A human society is an ecosystem. Like any other ecosystem, it depends for its existence on flows of energy, and as with any other ecosystem, the upper limit on its complexity depends ultimately on the difference in concentration between the energy that enters it and the background into which its waste heat disperses. (This last point is a corollary of White’s Law, one of the fundamental principles of human ecology, which holds that a society’s economic development is directly proportional to its consumption of energy per capita.) Until the beginning of the industrial revolution, that upper limit was not much higher than the upper limit of complexity in other ecosystems, since human ecosystems drew most of their energy from the same source as nonhuman ones: sunlight falling on green plants. As human societies figured out how to tap other flows of solar energy—windpower to drive windmills and send ships coursing over the seas, water power to turn mills, and so on—that upper limit crept higher, but not dramatically so.

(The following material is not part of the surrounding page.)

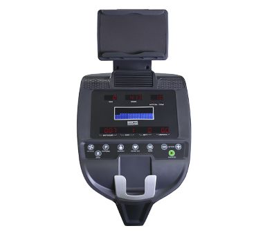Тренировочный компьютер представлен многофункциональным LED дисплеем с точечной матрицей профессионального уровня. Основной экран дополняют 7 небольших буквенно-цифровых LED-дисплея с красной подсветкой. На экран компьютера выводятся все основные данные – время, скорость, дистанция, уровень нагрузки, калории, ватты, темп, фитнес тест, пульс и жироанализатор. В программный пакет входят 12 предустановленных программ, в которых используются различные виды тренировок. Помимо предустановленных программ, можно воспользоваться самостоятельно регулируемым ручным режимом, а также создать собственную программу в одном из 4-х пользовательских режимов. 3 пульсозависимые программы отвечают за тренировку тех пользователей, которым важно контролировать верхние пределы частоты сердечного ритма. Еще одна функция - жироанализатор Body Fat - даст оценку параметрам, связанным с весом. Плюс ко всему есть Ватт-программа.

The discoveries that made it possible to turn fossil fuels into mechanical energy transformed that equation completely. The geological processes that stockpiled half a billion years of sunlight into coal, oil, and natural gas boosted the concentration of the energy inputs available to industrial societies by an almost unimaginable factor, without warming the ambient temperature of the planet more than a few degrees, and the huge differentials in energy concentration that resulted drove an equally unimaginable increase in complexity. Choose any measure of complexity you wish—number of discrete occupational categories, average number of human beings involved in the production, distribution, and consumption of any given good or service, or what have you—and in the wake of the industrial revolution, it soared right off the charts. Thermodynamically, that’s exactly what you’d expect.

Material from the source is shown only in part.